- Genre: Sitcom
- Based on: The Worst Week of My Life by Mark Bussell & Justin Sbresni
- Developed by: Matt Tarses
- Starring: Kyle Bornheimer; Erinn Hayes; Nancy Lenehan; Kurtwood Smith;
- Composer: David Schwartz
- Country of origin: United States
- Original language: English
- No. of seasons: 1
- No. of episodes: 16

Production
- Executive producers: Matt Tarses; Jimmy Mulville; Adam Bernstein;
- Producer: Matthew Nodella
- Camera setup: Single-camera
- Running time: 30 minutes
- Production companies: Two Soups Productions; Hat Trick Productions; CBS Paramount Television; Universal Media Studios;

Original release
- Network: CBS
- Release: September 22, 2008 – June 6, 2009

Related
- The Worst Week of My Life

= Worst Week =

American sitcom television series

Worst Week is an American sitcom television series that premiered on CBS on September 22, 2008. The series was based on the British sitcom The Worst Week of My Life.
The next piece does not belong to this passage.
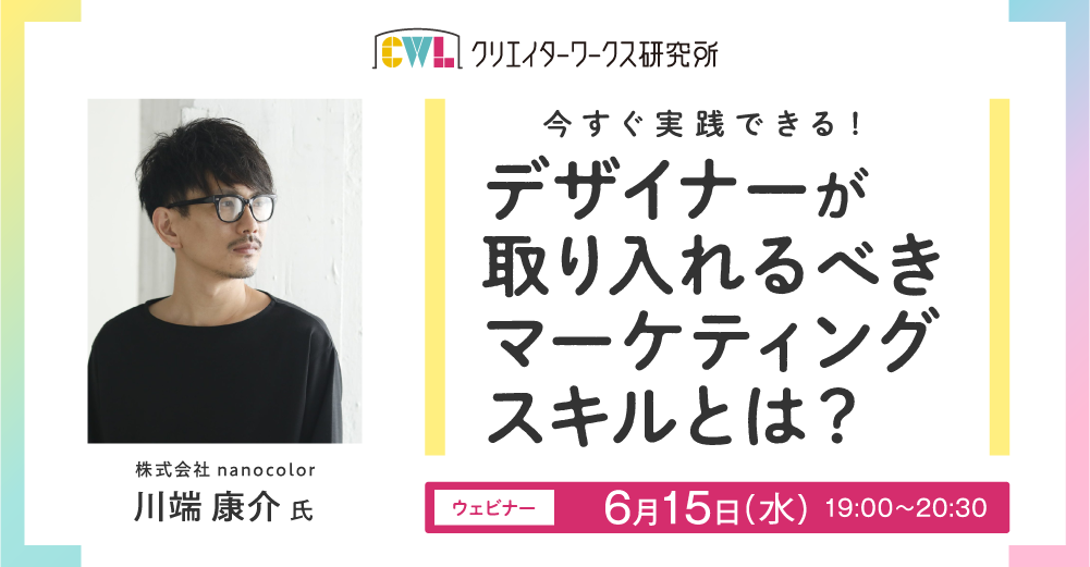 【6/15(水)ウェビナー】nanocolor川端康介氏登壇!今すぐ実践できる!デザイナーが取り入れるべきマーケティングスキルとは?│参加無料│クリエイターワークス研究所

It was adapted for American audiences by Fox under the title Worst Week of My Life, but a series didn't materialize after the pilot was filmed.

The series aired on CBS Mondays at 9:30pm ET/PT, following Two and a Half Men. The premiere attracted 11 million viewers but lost a third of its lead-in audience. Ratings dropped to a low of 8.4 million viewers with the sixth episode, but then began to climb steadily, reaching a high of 12.12 million viewers with the eleventh episode before declining again.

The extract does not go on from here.